In my professional opinion, FDA should be prioritising tackling the risks to patient safety that are eminently clear, following the catastrophic outcome with the experimental SARS-CoV-2 injections, prior to boosting their public circulation.
I am giving this declaration to: PROVIDE WRITTEN TESTIMONY TO SUPPORT LEGAL ACTIONS TO CONVENE A GRAND JURY AND TO PULL THE COVID-19 “VACCINES” UNDER CONSUMER PRODUCT PROTECTION STATUTES FOR LACK OF SAFETY AND EFFICACY. MISREPRESENTATION, MISBRANDING AND ADULTERATION/DEGRADATION, CAUSES.
I declare under penalty of perjury under the laws of the United States of America that the foregoing is true and correct.
Executed on this the 21st day of June 2023.
Hedley Rees
Director, PharmaFlow Limited
If you have managed to reach the end here, then you should know that the injection sellers (Pfizer, Moderna, AZ) knowingly commercialised defective products and can be sued accordingly. The compensation for vaccine injured be in the many $billions….but for some reason, this has not moved forward?
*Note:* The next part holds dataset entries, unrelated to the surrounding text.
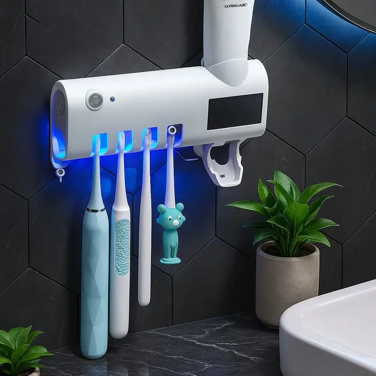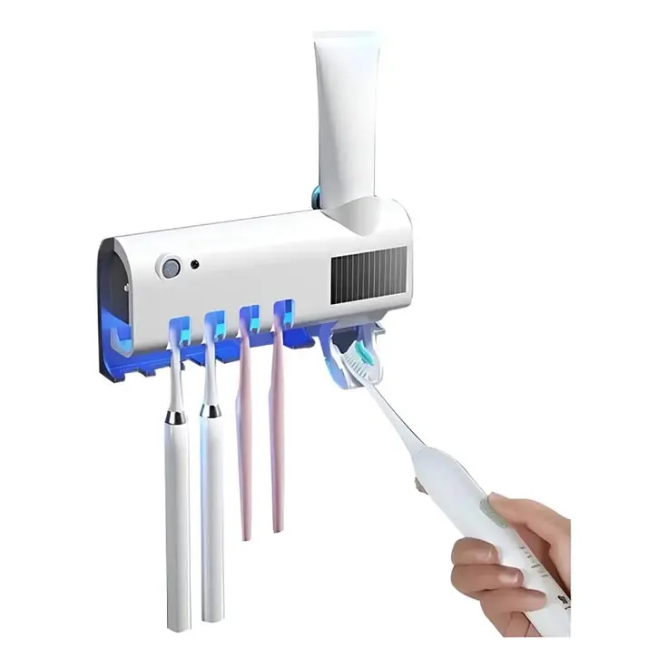 Higiene superior y orden total para tu baño. Este dispositivo inteligente no solo organiza tus cepillos, sino que utiliza tecnología de luz UV para eliminar hasta el 99.9% de bacterias y gérmenes. Además, incluye un dispenser automático de pasta dental para aprovechar cada pomo al máximo, todo sin necesidad de perforar la pared.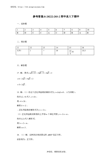 转载请注明出处: 名校卷 » 【数学】2022-2023:附中系八年级下学期期中考试数学试卷(含答案)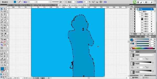 1、用淡蓝色作为背景,绘制女孩的身影轮廓并用蓝色填充。

Once again, Hedley Rees demonstrates his vast and deep knowledge of Big Pharma. I'm so glad to know he's on this case. Being a resident of Mississippi, I've been watching Dr. Witcher and will continue to watch this case. If Witcher/Rees are successful this may well be a landmark case. I sure hope so, as it exposes a lot about big pharma and may well lead to a complete investigation in all pharmaceutical companies. I've studied herbs and natural remedies for decades and found many things which work quite well to heal various health conditions. I find it interesting that before we had pharmaceutical products, people took care of themselves pretty well and overall they lived much longer, while staying healthy, than they do now. IMO, we don't need vaccines, our immune systems were designed to ward off disease if we take care of ourselves and don't indulge in unhealthy practices.
Thank you Hedley!!! I hope you are well!